10

November
2004

12:42 am

printed candy

For one reason or another, possibly because I was reading something else at the time, I'd never read anything by Dick Francis. Nola thought this was wrong, she has all his books, and resolved that steps should be taken to remedy the situation. She put one in my hands Sunday evening.

I got to bed finally around six the next morning, having finished it off and another she'd left laying on the coffee table. The damn things are like peppermints. Formulaic, sure, but highly crafted formulae.

We talked a bit about the common elements: horseracing, hero usually a jockey or, at the least, closely connected with racing, emotionally contained, talent for amateur sleuthing, and the One Big Thing. Had I spotted the One Big Thing, Nola wanted to know. She asked earlier on Monday, but I'd only gotten another half-book done by then and wasn't sure. But later, knowing I was well into my fifth, she asked again.

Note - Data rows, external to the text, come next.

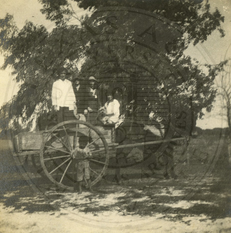 Photo of ranch land. Four unidentified children. Three standing on top of carriage and one standing beside wheel.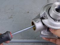 Use a flathead screwdriver or other long tool as leverage to remove the lower bearing carrier from the assembly.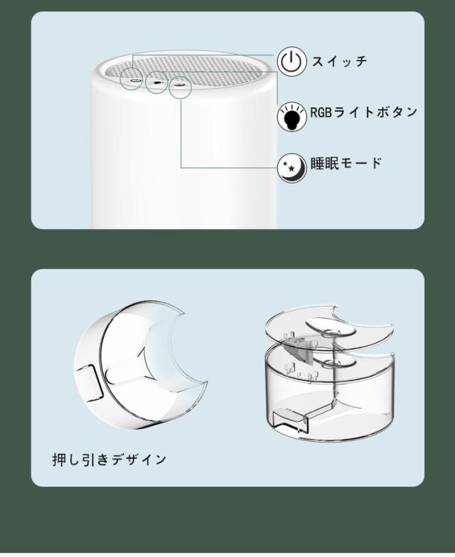 【7色ライト付き自動停止機能】タンクが満タンになると、ライトが赤くなり、自動的に機能が停止します。そのため、滞在中や就寝中の室内乾燥にも安心してお使いいただけます。また、小型除湿機の水槽部分は透明で、除湿現象が一目で確認できるだけでなく、溜まった水部分も7色のライトで視覚的に楽しめます。

"Does it have anything to do with the hero walking into some god-awful trap and getting the shit kicked out of him while he's tied up?"

"Pretty much. Though he's not always tied. Nor always beat up. Mostly, though."

"I was looking for something much more subtle when you first asked that, you know. On the order of class differences and like that."

"Silly of you. No, it's page one-thirty."

"Huh?"

"The serious ordeal always begins around page one-thirty in those editions."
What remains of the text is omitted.